Des centaines d'ouvrages décrivent les mécanismes qui conduisent les femmes à "s’adapter" à la situation plutôt qu'à la dénoncer. Mais s'il est un exemple qui illustre à quel point il est logique
qu’elles ne parlent pas, c'est sans doute cette tribune des femmes journalistes parue dans Libération le 5 mai 2015. Ces femmes ne citaient pas de noms mais disaient les choses. Elles ont mis, courageusement, dans le débat public, cette question des rapports hommes-femmes, du sexisme en politique, et de ces quelques cas d'hommes politiques qui ont tant de mal à "maîtriser leurs pulsions". Il y eût moult articles et commentaires sur cette tribune, nombreux ont été les éditorialistes et les commentateurs de tous poils qui s’y sont collés et puis… rien. Ou si peu.

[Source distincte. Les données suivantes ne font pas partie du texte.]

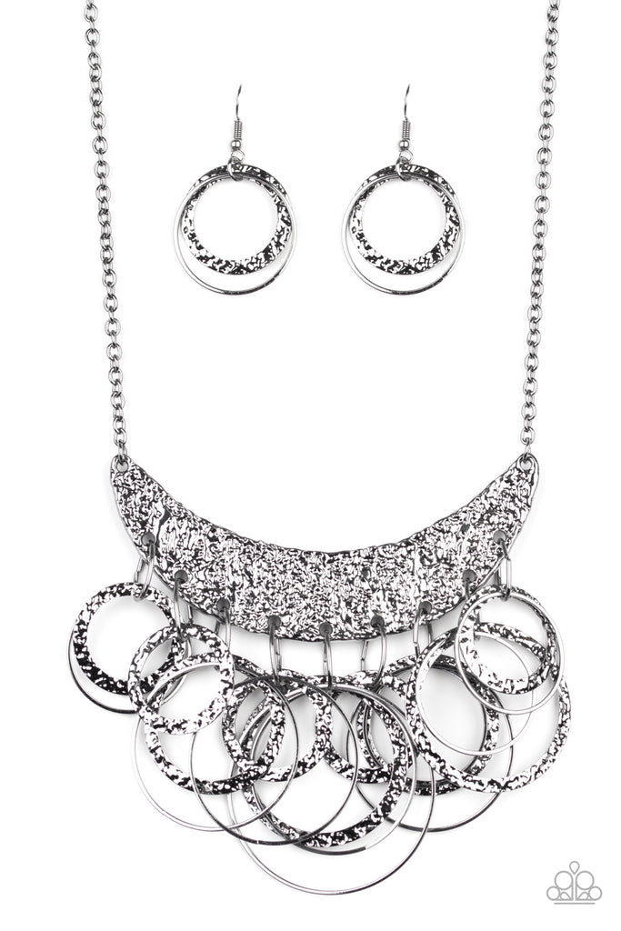 Hammered and embossed in a foil-like finish, a gunmetal moon-like frame bows below the collar. Dainty gunmetal hoops and matching hammered rings cascade from the bottom, creating an edgy fringe. Features an adjustable clasp closure.

Cette tribune disait : « /Ils sont issus de toutes les familles politiques sans exception, naviguent à tous les niveaux du pouvoir et n’ont droit à aucune impunité/. » Normalement. Dans la réalité pourtant c'est l'impunité qui prime. Quelles suites ont été données par les partis politiques à cette tribune ? Quelles mesures ont été prises ?
Quels contacts ont été noués pour tenter de connaître l'identité des personnes ciblées et de remédier à ces comportements ? La réponse est aucune ou pratiquement; des frémissements bien insuffisants.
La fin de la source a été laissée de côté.